With inflation at 8.5% last year nationwide and rising rents in the Bay Area, will pay increases for teachers in Berkeley be enough?

The teachers’ union is currently negotiating its salary and benefits with the district for the upcoming school year.

“We look at the rate of inflation and ask ourselves, ‘How much pay cut are we going to take next year? And how long are we going to stay here? Meyer told school board directors at an April 27 board meeting.

Find and keep teachers of color

The package tax is also intended to help BUSD recruit and retain teachers of color, an issue that has come before the school board multiple times over the past five years.

Compared to the student body, teachers in the district skewed white. In 2018-2019, the most recent year for which this data is available, BUSD teachers were 66% white, 7% Asian, 7% black and 12% Latino. That year, the district’s student body was 39% white, 7% Asian, 14% black, and 24% Latino.

Fewer black and Latino teachers are entering the profession nationwide, and lately more have left. But while turnover was high last year at BUSD, black and Latino teachers are leaving at similar rates to white teachers.

Of all teachers hired in the past seven years, 58% are still employed by the district, according to a report by the assistant superintendent of human resources. This is true for 56% of hired black teachers, 57% of white teachers, and 58% of Latino teachers. Of the Asian teachers hired in the past seven years, 66% are still employed in the district.

This year, BUSD is taking steps to improve its hiring practices.
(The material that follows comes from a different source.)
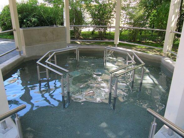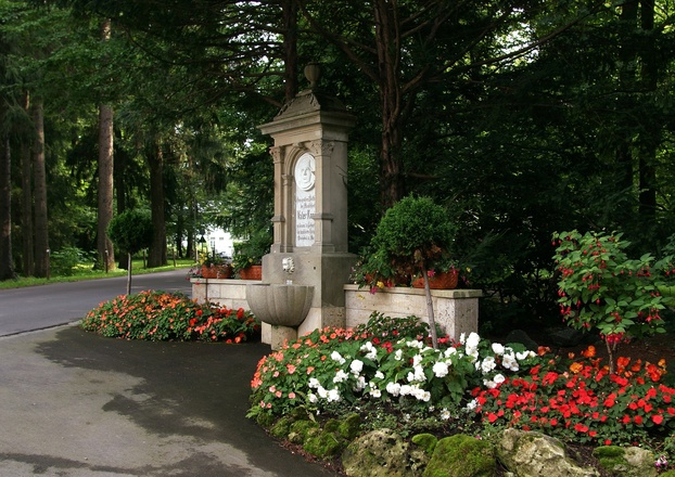 Vom Kurhaus aus gehen wir über die Kneippstraße, Hans-Holzmann-Straße, am Kneippianum vorbei, durch den Rosengarten, zur Schöneschacher Straße, dann rechts an der Kneippanlage "Schöneschacher Straße" (1,5 km) vorbei zum Burgstall "Versunkenes Schloss" (2,0 km Kneippanlage). Auf dem "Kneipp-Waldweg" entlang dem Waldrand gelangen wir zum "Jagdhäusle" (2,9 km). Die Hartenthaler Straße führt uns über den Kurpark (Albert-Schalle-Weg) zur Stadtmitte zurück.

Historically, BUSD has been “late to release, slow to interview and even slower to hire,” said Spencer Pritchard, head of Berkeley High’s African American studies department and leader of the union’s Teachers of Color network. This is a complaint that has been repeatedly brought to the school board over the past five years.
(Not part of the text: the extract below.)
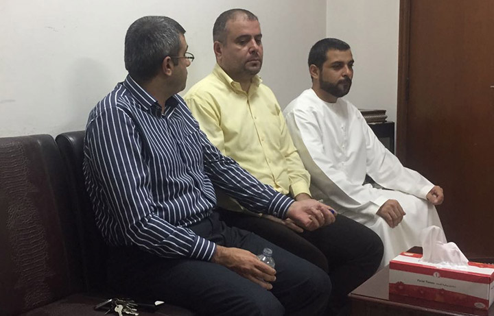 د. جهاد عودة رئيس قسم الهندسة المعمارية بجامعة عجمان للعلوم والتكنولوجيا يتوسط الشقيقان حسام ومحمد عثمان

But this year, in an effort to tap into a larger pool of applicants, especially teachers of color, BUSD has moved its hiring process forward several weeks before spring break. Much of the effort is led by Cat Cabral, who manages the district’s recruiting and retention work.

The district is also working with the Alameda County Office of Education to bring student teachers into the classroom through the county’s teacher training program — the hope is that new teachers will commit to working in the district after earning their masters and teaching students in the district. And BUSD held a job fair in March, attended by 40 potential candidates, and plans to hold another one specifically for special education teachers.

A problem that goes beyond the BUSD

It will take time to judge the impact of these measures on solving a problem that many consider to be more important than the BUSD.

Meyer pointed to California’s funding formula, which ranks lowest of any state in the country when it comes to school funding.

Pritchard said there is “a deeper issue about teachers of color entering education” and teachers remaining in the profession generally. “But at Berkeley High,” he said, “I think our leadership demonstrates that anti-racism is a priority, and that helps.”

Lake hopes to return to BUSD one day, but she said her ability to do so will depend as much on the affordability of the region as a whole as it does on teacher salaries. For now, however, she said it remains difficult to work in a public service profession “and still have a future in this community”.